Work to complete: Report every line of the listing below in which the string "with" occurs.

Materials provided:
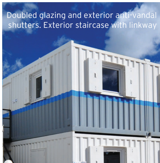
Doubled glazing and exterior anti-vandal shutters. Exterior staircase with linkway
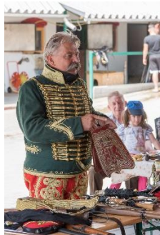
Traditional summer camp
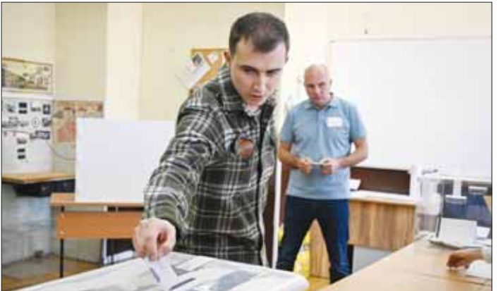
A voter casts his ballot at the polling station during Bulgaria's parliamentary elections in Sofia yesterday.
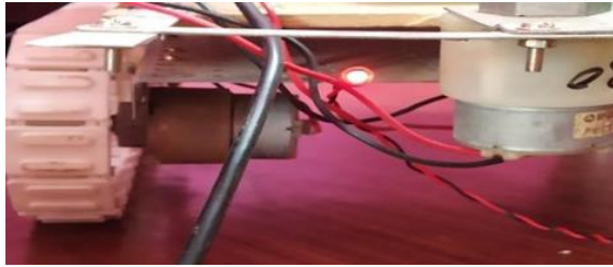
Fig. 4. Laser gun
* * *
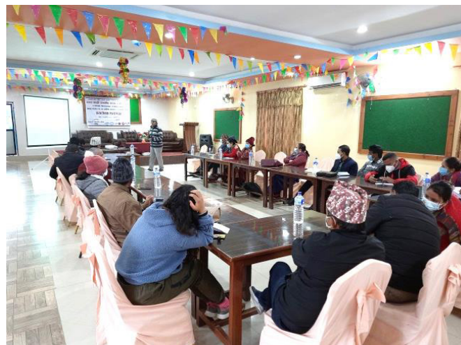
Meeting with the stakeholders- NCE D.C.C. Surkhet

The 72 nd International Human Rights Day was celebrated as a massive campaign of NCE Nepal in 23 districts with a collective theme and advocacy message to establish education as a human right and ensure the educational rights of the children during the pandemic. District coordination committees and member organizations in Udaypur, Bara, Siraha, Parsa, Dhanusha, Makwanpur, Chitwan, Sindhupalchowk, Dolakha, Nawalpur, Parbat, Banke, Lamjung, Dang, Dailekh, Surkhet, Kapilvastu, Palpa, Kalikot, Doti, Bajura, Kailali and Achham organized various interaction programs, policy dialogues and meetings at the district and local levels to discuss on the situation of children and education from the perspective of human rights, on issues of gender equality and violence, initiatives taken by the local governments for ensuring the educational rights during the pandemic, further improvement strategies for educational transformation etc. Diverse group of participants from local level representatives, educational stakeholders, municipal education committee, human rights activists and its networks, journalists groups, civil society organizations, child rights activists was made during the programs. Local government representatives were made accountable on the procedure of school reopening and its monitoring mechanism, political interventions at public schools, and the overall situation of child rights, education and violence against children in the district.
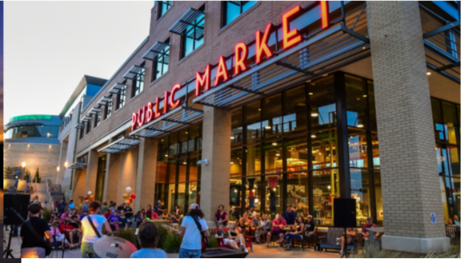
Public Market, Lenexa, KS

Solution below:
Doubled glazing and exterior anti-vandal shutters. Exterior staircase with linkway
Meeting with the stakeholders- NCE D.C.C. Surkhet
The 72 nd International Human Rights Day was celebrated as a massive campaign of NCE Nepal in 23 districts with a collective theme and advocacy message to establish education as a human right and ensure the educational rights of the children during the pandemic. District coordination committees and member organizations in Udaypur, Bara, Siraha, Parsa, Dhanusha, Makwanpur, Chitwan, Sindhupalchowk, Dolakha, Nawalpur, Parbat, Banke, Lamjung, Dang, Dailekh, Surkhet, Kapilvastu, Palpa, Kalikot, Doti, Bajura, Kailali and Achham organized various interaction programs, policy dialogues and meetings at the district and local levels to discuss on the situation of children and education from the perspective of human rights, on issues of gender equality and violence, initiatives taken by the local governments for ensuring the educational rights during the pandemic, further improvement strategies for educational transformation etc. Diverse group of participants from local level representatives, educational stakeholders, municipal education committee, human rights activists and its networks, journalists groups, civil society organizations, child rights activists was made during the programs. Local government representatives were made accountable on the procedure of school reopening and its monitoring mechanism, political interventions at public schools, and the overall situation of child rights, education and violence against children in the district.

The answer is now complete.